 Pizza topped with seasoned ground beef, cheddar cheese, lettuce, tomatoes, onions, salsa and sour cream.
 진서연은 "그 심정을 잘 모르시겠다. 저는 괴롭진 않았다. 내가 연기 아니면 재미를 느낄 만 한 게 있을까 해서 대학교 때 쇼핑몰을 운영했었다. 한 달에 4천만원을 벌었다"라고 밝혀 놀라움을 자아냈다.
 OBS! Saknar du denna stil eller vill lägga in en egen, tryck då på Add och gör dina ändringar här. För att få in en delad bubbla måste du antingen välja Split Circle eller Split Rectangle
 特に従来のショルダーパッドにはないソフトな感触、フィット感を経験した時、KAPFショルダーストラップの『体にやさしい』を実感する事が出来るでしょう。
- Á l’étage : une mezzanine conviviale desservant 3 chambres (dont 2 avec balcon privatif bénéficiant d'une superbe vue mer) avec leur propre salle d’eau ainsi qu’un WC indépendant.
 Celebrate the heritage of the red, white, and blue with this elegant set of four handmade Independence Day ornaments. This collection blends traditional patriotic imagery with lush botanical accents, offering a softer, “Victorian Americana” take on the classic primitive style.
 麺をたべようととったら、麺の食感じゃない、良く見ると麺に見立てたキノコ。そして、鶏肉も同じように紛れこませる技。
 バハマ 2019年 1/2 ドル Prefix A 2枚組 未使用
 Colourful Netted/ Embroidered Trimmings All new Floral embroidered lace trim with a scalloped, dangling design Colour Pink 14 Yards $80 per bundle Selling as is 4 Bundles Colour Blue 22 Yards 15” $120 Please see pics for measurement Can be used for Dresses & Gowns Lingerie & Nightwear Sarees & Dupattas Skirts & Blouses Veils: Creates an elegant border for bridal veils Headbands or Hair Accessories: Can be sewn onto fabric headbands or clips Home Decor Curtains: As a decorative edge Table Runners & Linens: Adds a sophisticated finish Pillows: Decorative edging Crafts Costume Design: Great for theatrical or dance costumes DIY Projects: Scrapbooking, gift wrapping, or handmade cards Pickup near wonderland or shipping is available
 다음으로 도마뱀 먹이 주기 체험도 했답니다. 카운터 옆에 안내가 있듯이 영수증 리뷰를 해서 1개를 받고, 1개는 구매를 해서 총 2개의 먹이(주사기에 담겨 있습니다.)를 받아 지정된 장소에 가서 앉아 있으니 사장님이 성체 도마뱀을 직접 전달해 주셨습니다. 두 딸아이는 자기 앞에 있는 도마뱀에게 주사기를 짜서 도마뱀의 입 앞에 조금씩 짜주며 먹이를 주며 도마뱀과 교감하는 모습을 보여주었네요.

====

**WORK TASK:** Going back over the entries above, copy word for word every line from the one that has "OBS! Saknar du" on through the one that has "バハマ 2019年 1/2 ドル Prefix A 2枚組 未使用".

**ANSWER TO THE PROBLEM:**
 OBS! Saknar du denna stil eller vill lägga in en egen, tryck då på Add och gör dina ändringar här. För att få in en delad bubbla måste du antingen välja Split Circle eller Split Rectangle
 特に従来のショルダーパッドにはないソフトな感触、フィット感を経験した時、KAPFショルダーストラップの『体にやさしい』を実感する事が出来るでしょう。
- Á l’étage : une mezzanine conviviale desservant 3 chambres (dont 2 avec balcon privatif bénéficiant d'une superbe vue mer) avec leur propre salle d’eau ainsi qu’un WC indépendant.
 Celebrate the heritage of the red, white, and blue with this elegant set of four handmade Independence Day ornaments. This collection blends traditional patriotic imagery with lush botanical accents, offering a softer, “Victorian Americana” take on the classic primitive style.
 麺をたべようととったら、麺の食感じゃない、良く見ると麺に見立てたキノコ。そして、鶏肉も同じように紛れこませる技。
 バハマ 2019年 1/2 ドル Prefix A 2枚組 未使用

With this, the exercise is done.